- Born: Joel C. Kleinman 1946 Brooklyn, New York, U.S.
- Died: May 2, 1991 (aged 44) Berkeley Springs, West Virginia, U.S.
- Education: City College of New York Harvard University
- Spouse: Hynda Kleinman
- Children: 2
- Awards: Mortimer Spiegelman Award (1982)
- Scientific career
- Fields: Health statistics, epidemiology
- Workplaces: Harvard University National Center for Health Statistics

= Joel Kleinman =

U.S. statistician and epidemiologist

Joel C. Kleinman (1946 – May 2, 1991) was an American health statistician and epidemiologist specializing on the causes of infant mortality.

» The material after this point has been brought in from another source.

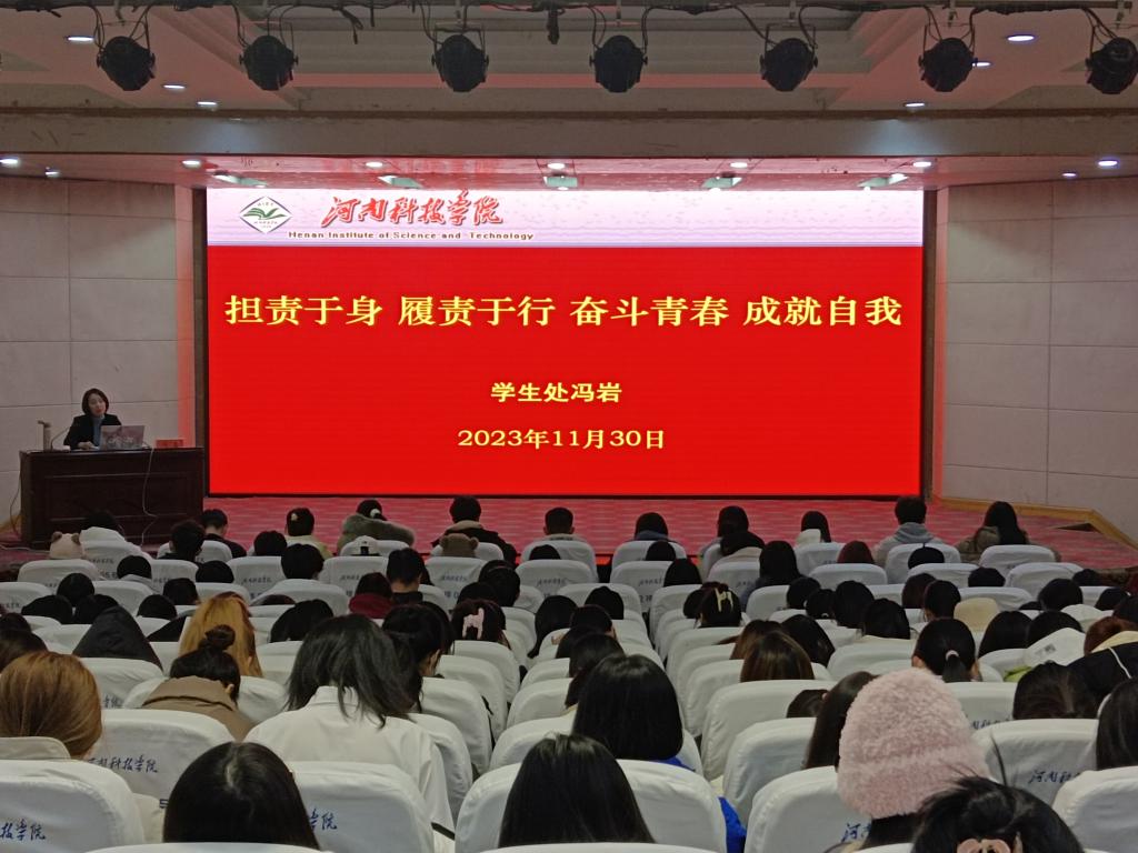 11月30日晚,外国语学院特邀学生处副处长冯岩在图教201为学院2023年“青马工程”培训班暨团学干部培训班学员作“担责于身 履责于行 奋斗青春 成就自我”专题讲座。外国语学院全体班委、寝室长以及团委、学生会全体学生干部等参加此次培训。

He was director of analysis at the National Center for Health Statistics.

==Life==
Kleinman was born in 1946 in Brooklyn, New York to Rose and George Kleinman. He was raised in the Bronx. In 1967, he earned a bachelor's degree from City College of New York. He completed a master's degree and Ph.D. in statistics (1971) from Harvard University. He worked there as an assistant professor of biostatistics from 1971 to 1975. In 1975, Kleinman joined the National Center for Health Statistics as a visiting service fellow. He became its director of analysis in 1980. In 1982, Kleinman won the Mortimer Spiegelman Award. In 1990, he was elected a Fellow of the American Statistical Association. A health statistician and epidemiologist, he specialized on the causes of infant mortality.

Kleinman was married to cell biologist Hynda Kleinman. They had two daughters. He died of diabetes complications on May 2, 1991, during a business trip in Berkeley Springs, West Virginia.